====== Data supplied ======

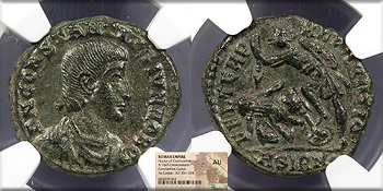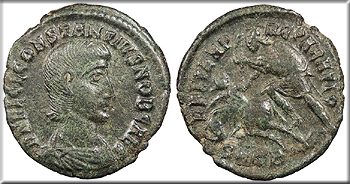 AE Follis 22mm. 5.92g. Siscia Mint 350 A.D. Pearl-diademed, draped and cuirassed bust, r.; A behind, star before. D N CONSTAN-TIVS P F AVG Emperor in military dress standing facing, head l., standard with Chi-Rho in each hand; star above; A in l. field; In ex.: .(gamma)SIS. CONCORDIA MILITVM RIC VIII 284 EF. Gray patina with some lustre near edges. Some flan irregularities. Some coppery spots on reverse.
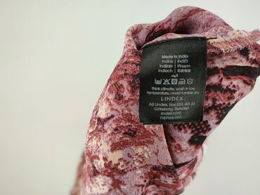 Bluzka Lindex, rozmiar L (EU/UK). Zwiewna, lekko prześwitująca tkanina z wielokolorowym, patchworkowym wzorem etno/boho: odcienie zieleni, granatu, bordowego, żółtego i różu w geometryczne motywy. ...
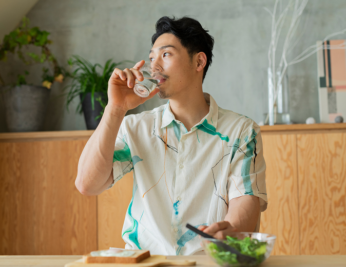 夜は外食で、ついつい高カロリーな食事。でも、携帯しやすいスティックタイプだから、ディナーのテーブルでも気兼ねなし。お冷に溶かして、ゆっくり食事を。
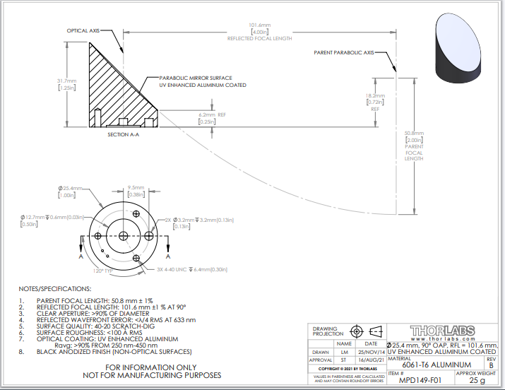 Thorlabs索雷博 MPD149-F01 Ø1英寸90°离轴抛物面反射镜
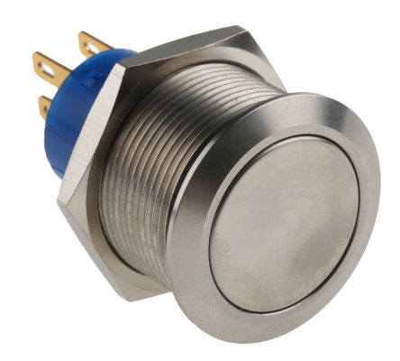 Double Pole Double Throw (DPDT) Lock Push Button Switch, IP67, 22.2 Dia.mm, Panel Mount, 250V ac; 175-9244
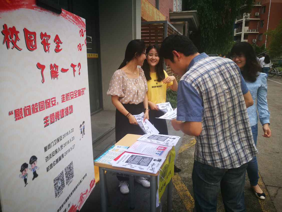 为深入学习贯彻十九大精神,加强“学习型、服务型、创新型”基层党组织的建设,积极推进“两学一做”学习教育常态化制度化,2018年5月,同济大学半岛online(中国)研究生第二党支部开展了“慰问校园保安,走近安全知识”主题党建活动。
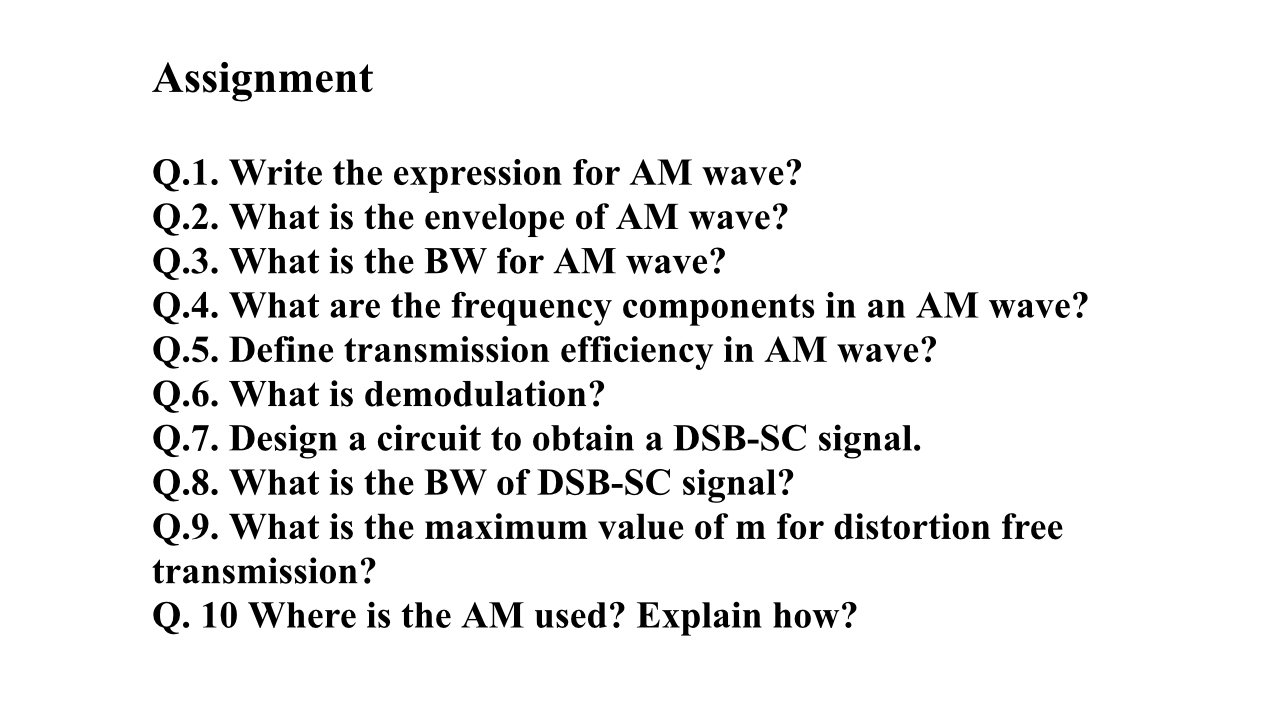 Solved AssignmentQ.1. Write the expression for AM wave?Q.2. | Chegg.com
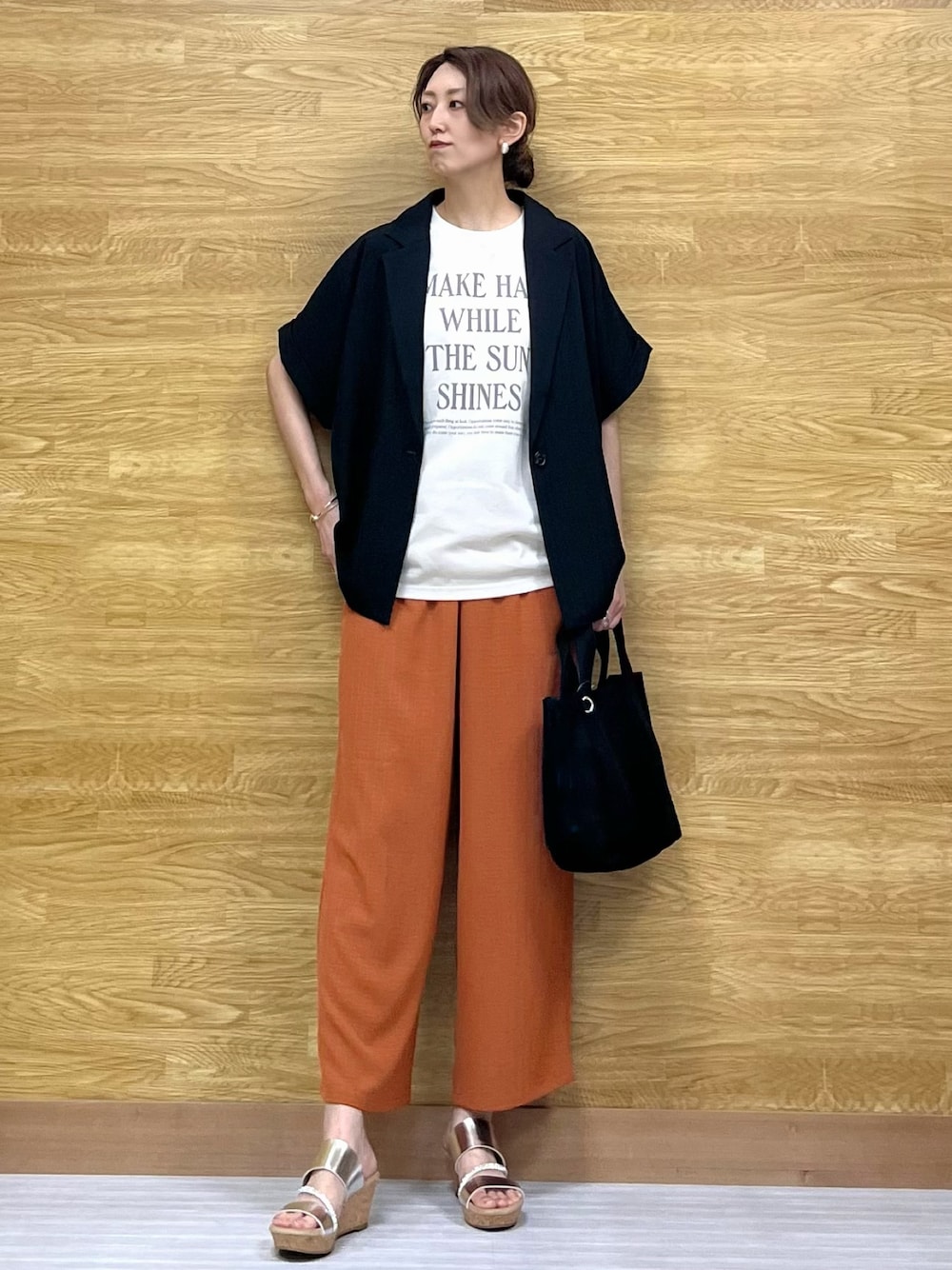 もす(SHOO・LA・RUE)のテーラードジャケット「【セットアップ可】麻調半袖ジャケット」を使ったコーディネート
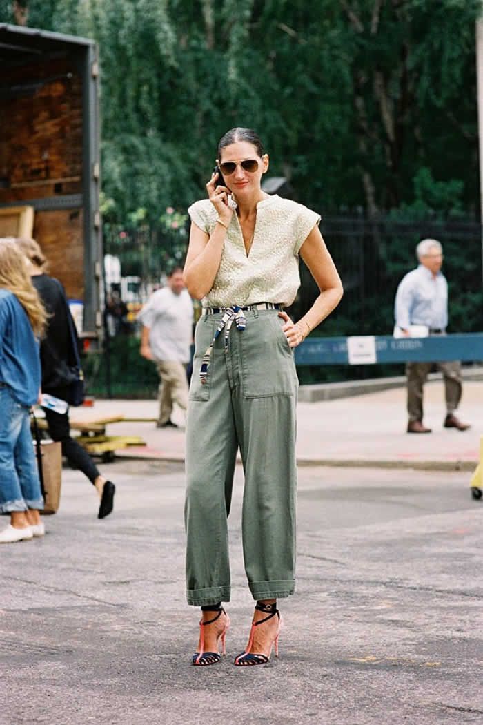 #7- Baggy olive loose fit linen trousers matched with cream deep V-neck top and contrasted with beautiful blue ankle strap pumps.One thing interested about these pants is they are easy to alter so DIY Fashion lover can easily manipulate them.

======

- What the task asks
Output all of the data word for word, excluding any pictures.

- Answer to this task
 AE Follis 22mm. 5.92g. Siscia Mint 350 A.D. Pearl-diademed, draped and cuirassed bust, r.; A behind, star before. D N CONSTAN-TIVS P F AVG Emperor in military dress standing facing, head l., standard with Chi-Rho in each hand; star above; A in l. field; In ex.: .(gamma)SIS. CONCORDIA MILITVM RIC VIII 284 EF. Gray patina with some lustre near edges. Some flan irregularities. Some coppery spots on reverse.
 Bluzka Lindex, rozmiar L (EU/UK). Zwiewna, lekko prześwitująca tkanina z wielokolorowym, patchworkowym wzorem etno/boho: odcienie zieleni, granatu, bordowego, żółtego i różu w geometryczne motywy. ...
 夜は外食で、ついつい高カロリーな食事。でも、携帯しやすいスティックタイプだから、ディナーのテーブルでも気兼ねなし。お冷に溶かして、ゆっくり食事を。
 Thorlabs索雷博 MPD149-F01 Ø1英寸90°离轴抛物面反射镜
 Double Pole Double Throw (DPDT) Lock Push Button Switch, IP67, 22.2 Dia.mm, Panel Mount, 250V ac; 175-9244
 为深入学习贯彻十九大精神,加强“学习型、服务型、创新型”基层党组织的建设,积极推进“两学一做”学习教育常态化制度化,2018年5月,同济大学半岛online(中国)研究生第二党支部开展了“慰问校园保安,走近安全知识”主题党建活动。
 Solved AssignmentQ.1. Write the expression for AM wave?Q.2. | Chegg.com
 もす(SHOO・LA・RUE)のテーラードジャケット「【セットアップ可】麻調半袖ジャケット」を使ったコーディネート
 #7- Baggy olive loose fit linen trousers matched with cream deep V-neck top and contrasted with beautiful blue ankle strap pumps.One thing interested about these pants is they are easy to alter so DIY Fashion lover can easily manipulate them.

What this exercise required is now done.